To reorder the organisms, grab an organism name in the Organism Preferences section with the mouse and drag it up or down to the desired position.

To edit the label or color for one or more organisms, click the Edit Organism Labels or Colors button. Each organism label will be replaced by an editable text box and a color selector. Any changes will not take effect until you click the Done button.

Search

Two search buttons near the top of the page provide search functionality. The Search Compound/Pathway/GO-Term button lets you type in the name of any compound, pathway or GO term. The Search Gene/Protein button lets you search for genes or proteins by name or accession. Because genes and proteins are organism-specific, you must first specify which organism to query. In either case, use the auto-complete functionality to select the desired target. The Find button will identify all base panels that include the target. If there is just one, it will be opened automatically. If there are multiple such base panels, they will be listed. Select a panel to open it. The relevant colored box(es) will by highlighted with a dark border.

Understanding the Results

It is important to interpret the displays in the appropriate context. Most organism databases will have received little to no curation, so the results are highly dependent on the quality of the genome annotation and the accuracy of the pathway prediction process. You can get a rough assessment of the quality of a database by clicking on the button to Show Organism Versions and Summary Data. This table will indicate the tier, which is a measure of the curation level of each database (Tier 1: highly curated, Tier 2: moderately curated, Tier 3: uncurated), and give statistics on the number of genes with known or predicted molecular function (an indication of annotation quality); the numbers of genes, pathways, and transport reactions with experimental evidence; and the total number of GO term annotations.
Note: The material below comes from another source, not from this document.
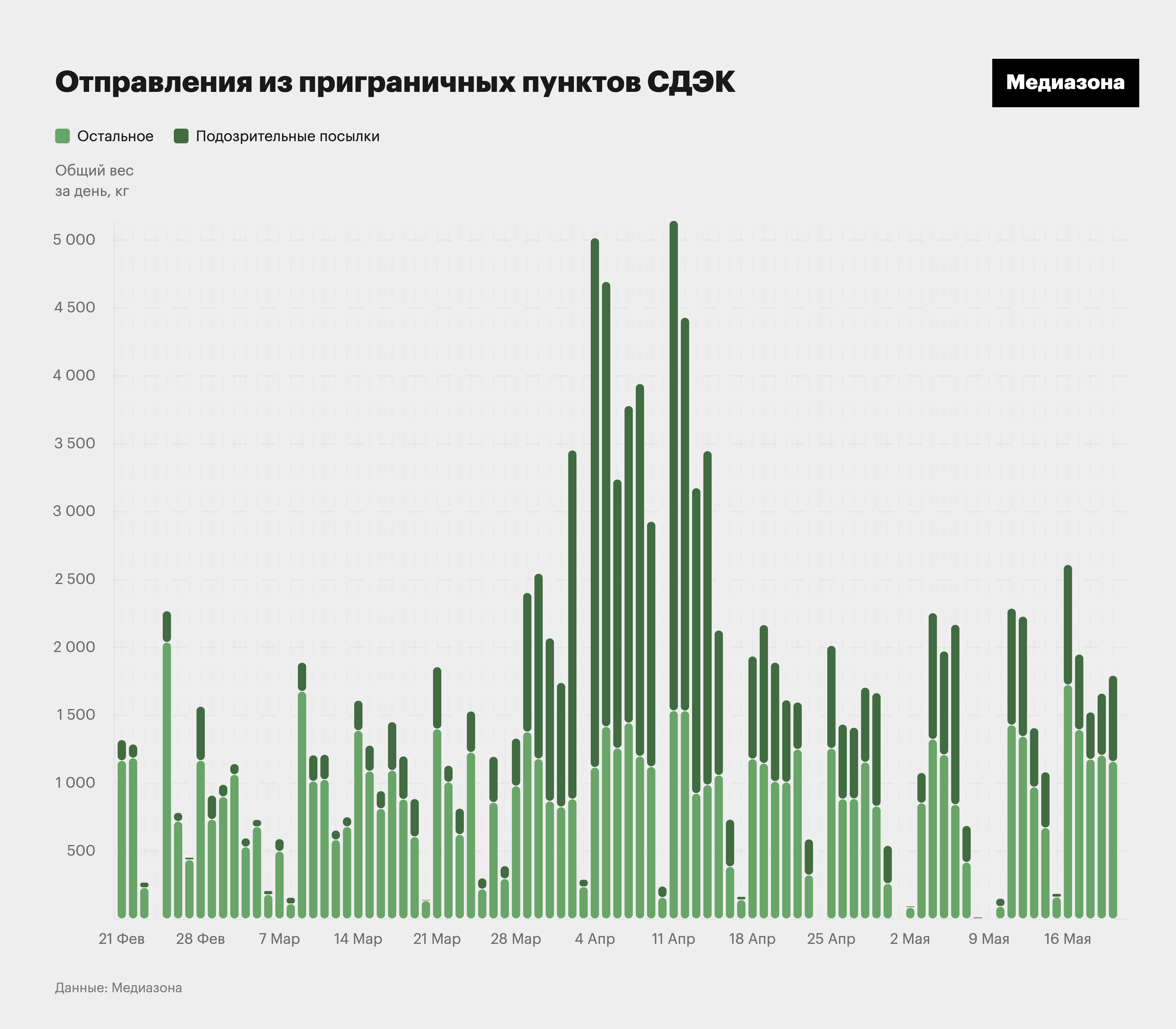 Пик такого рода посылок пришелся на 4 апреля — почти . После короткого спада ровно через неделю вес подозрительных заказов снова дорос до трех тонн, после чего началось снижение.
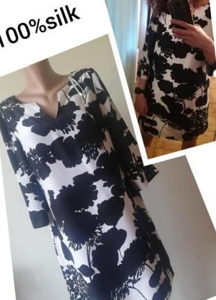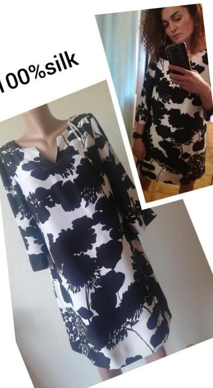 Шовкова сукня. Прямий крій Розмір L Ідеальне платтячко 100%шовк Розмір L підійде і на М Свобідний крій Одягнуто на М ріст 165 Плечі 38 Рукав 45 Ог під рукавами 51 Довжина 88

Organisms with very few GO annotations will likely have little to no representation in any of the non-metabolic panels (if none of the selected organisms have GO annotations relevant to the non-metabolic panels, then these panels will be omitted from the display).

Whether a particular compound is indicated as synthesized or degraded by an organism in the pathway-based panels depends on whether or not a corresponding pathway is predicted to be present in that organism. Accurate pathway prediction requires that the enzymes be correctly annotated in the genome and assigned to the correct reactions, that the relevant pathway be present in MetaCyc at the time the pathway prediction algorithm was run, and (if there are one or more missing enzymes) that the pathway prediction algorithm correctly assesses the likelihood that the pathway is present. Unfortunately, all of these steps introduce potential sources of error. Before drawing definitive conclusions about a particular metabolite, it is recommended that users follow the link to Show pathway comparison in separate tab from the tooltip that appears when you hover over a compound name. This page will indicate which reactions in the pathway have assigned enzymes and genes, and will show the name with which the enzymes were annotated. If an enzyme assignment is supported by experimental evidence, that will be indicated by a flask icon. If an organism lacks an assigned enzyme for a particular step, the software also checks to see if it has an ortholog to any of the enzymes from the other selected organisms (this is done only if orthologs have been computed between the organisms -- not all organisms have had orthologs computed). Ideally, this detailed comparison page should provide enough information to determine whether differences in pathway predictions are based on actual biological differences or are more likely to be an artifact of variation in annotation or pathway prediction.

Dashboard results can change as either the underlying databases are edited, or reactome and pathway predictions change (either due to new or changed pathways in MetaCyc, or due to algorithmic refinements). When citing dashboard results, be sure to indicate the version number both of the individual organism databases and of Pathway Tools (this information is all listed in the Show Organism Versions and Summary Data dialog).